To our mental classifications the remark is equally applicable. In these too, the most obvious distinctions are not always those which answer best the purposes of systematic arrangement. The phenomena of the mind, are only the mind itself existing in certain states; and, as many of these states are in their nature agreeable, and others disagreeable, this difference, which is to the sentient being himself the most important of all differences, may be supposed, to afford the most obvious principle of classification. What is pleasant, what is painful, are perhaps the first classes, which the infant has formed long before he is capable of distinguishing them by a name; and the very imbecility of idiotism itself, to which nothing is true or false, or right or wrong, – and to which there is no future, beyond the succeeding moment, – is yet capable of making this primary distinction, and of regulating, according to it, its momentary desires.

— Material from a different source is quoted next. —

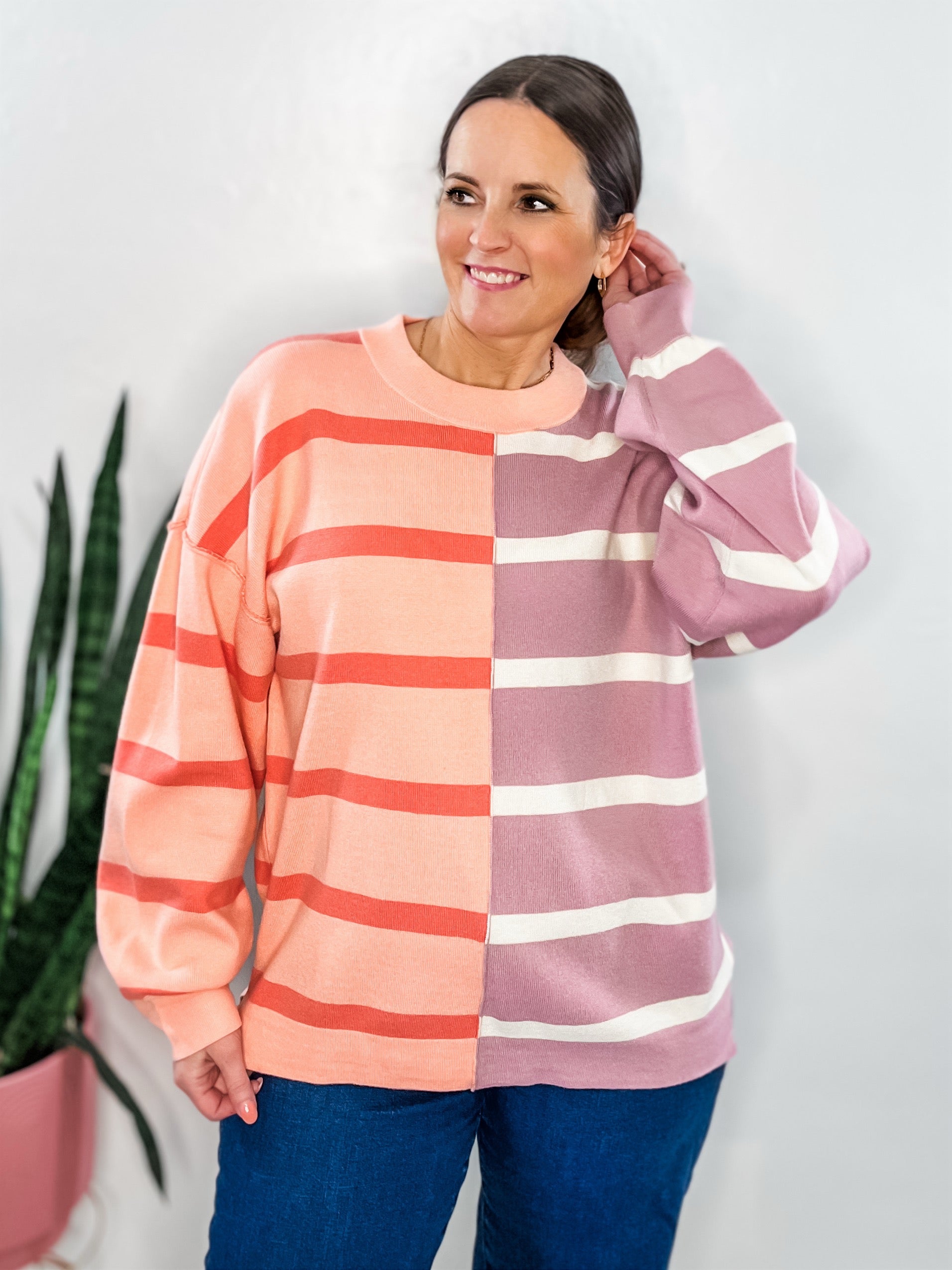 Grab this talked about Pink Lavender Half & Half Stripe Sweater. Made with high-quality fabric, you'll never want to take it off. Whether you're dressing it up or dressing it down, this versatile sweater is perfect for any occasion. So go ahead and add some style to your wardrobe, you deserve it!

“The love of pleasure is man's eldest-born,Born in his cradle, living to his tomb.Wisdom, – her younger sister, though more grave,Was meant to minister, not to dethrone57Imperial Pleasure, queen of human hearts.”58The distribution, which we should be inclined to make, of our mental phenomena, according to this obvious principle, would be into those which are pleasing, those which are painful, and those which are neither painful nor pleasing. But, however obvious this first distinction may seem, as a principle of arrangement, the circumstances, on which the differences depend, are so very indefinite, that the distinction, – though it may be useful to have it in view, in its most striking and permanent cases, – cannot be adopted, as the basis of any regular system. To take the mere pleasures and pains of sense, for example, – to what intelligible division could we reduce these, which are not merely fugitive in themselves, but vary, from pain to pleasure, and from pleasure to pain, with a change of their external objects, so slight often, as to be scarcely appreciable, and, in many cases, even when the external objects have continued exactly the same? How small, and how variable a boundary separates the warmth which is pleasing from the heat which pains! A certain quantity of light is grateful to the eye. Increase it; – it becomes, not indifferent, – though that would be a less change, – but absolutely painful; and, if the eye be inflamed, even the small quantity of light, – which was agreeable before, and which seemed, therefore, to admit of being very safely classed among the sources of pleasure, – is now converted into a source of agony. Since it is impossible, therefore, to fix the limits of pain and pleasure, and every affection or state of mind, agreeable, disagreeable, or indifferent, may, by a very trifling change of circumstance, be converted into an opposite state, it is evident, that any division, founded on this vague and transient distinction, must perplex, and mislead us, in our attempts to systematize the almost infinite diversities of thought and feeling, rather than give us any aid in the arrangement.